The paper also pushes racism and bigotry against Muslims, migrants, women, trans people, anti-racists, trade unionists and others.


It is widely boycotted in Liverpool, and delegates at last week’s Labour conference called for it to be banned from the venue.

But right wing Labour MPs insist on writing for the Sun almost as a point of principle.

They say it makes Labour electable by appealing to right wing voters.

Keir Starmer’s speech signals decisive break rightwards
Keir Starmer’s speech signals decisive break rightwards
  Read More

And they celebrate the Sun’s support for Tony Blair.

Starmer’s choice to write for the Sun was a deliberate insult to the left—and a betrayal of his leadership campaign promise to refuse interviews. It was also an attempt to appease right wing Labour MPs.

They are frustrated that his lurch to the right has not made Labour more popular than the Tories in opinion polls.

Many say the answer is to intensify the party’s war on its left wing activists—and adopt an even more right wing leader.

It comes after Starmer used his Labour conference speech to prove to the media, the bosses and Labour MPs that they should let him remain as leader.

After giving MPs more power in leadership elections, he said, “It has been so important to get our own house in order this week and we have done that.”

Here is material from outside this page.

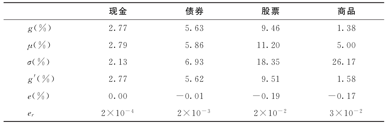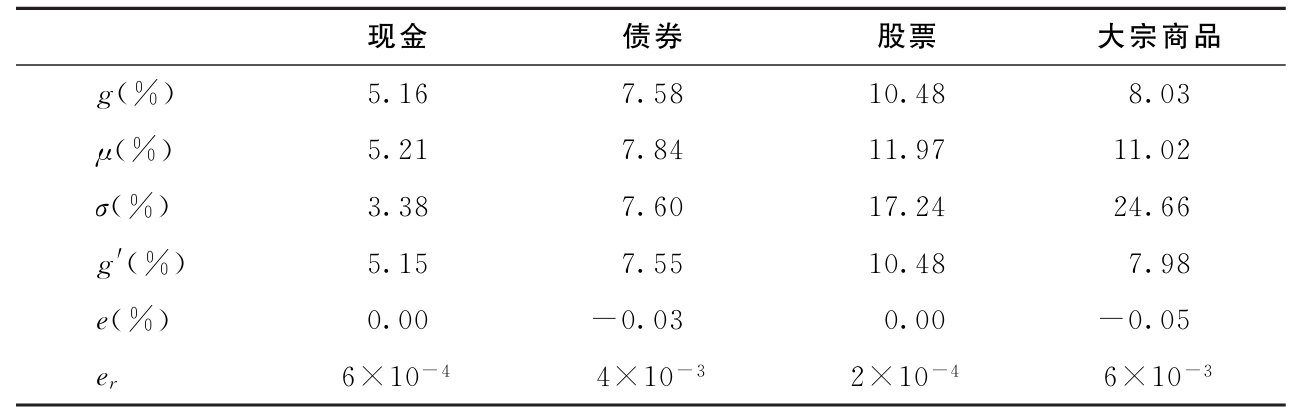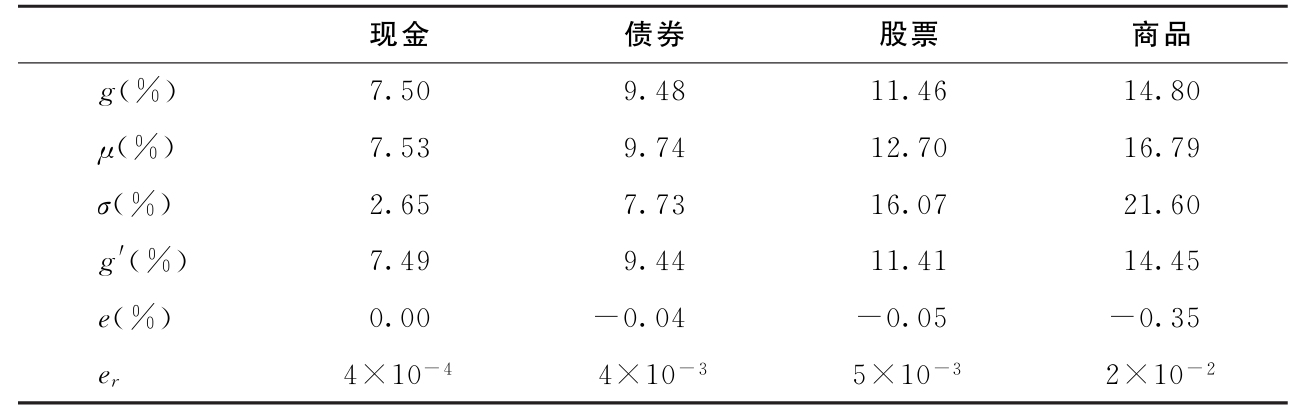 该表显示,对于所有资产类别,g′=μ-σ 2 /2都非常接近g。特别是对于现金和股票,两者之间的误差大致为零。对于债券和大宗商品而言,误差只有几个基点(bps;一个基点是0.01%)。

He rejected the ­radical promises of spending on new public services or state ownership that bosses and the media had branded unrealistic.

Most symbolically of all, he praised Tony Blair’s government—to huge cheers and a standing ovation from right wing members in the room. Starmer also made a point of demonstrating his support for the cops, the ­military and nationalism.

He tried to mimic Tory home secretary Priti Patel by promising tougher sentences for criminals and a crackdown on “anti-social behaviour.”

And while he had plenty to offer bosses and “British business” he had nothing but platitudes for working class people.

A Labour spokesperson described the speech as to where Starmer “set out what he stands for.”

His speech—and his Sun newspaper article—show that his Labour Party is in the pockets of business and Rupert Murdoch’s media empire.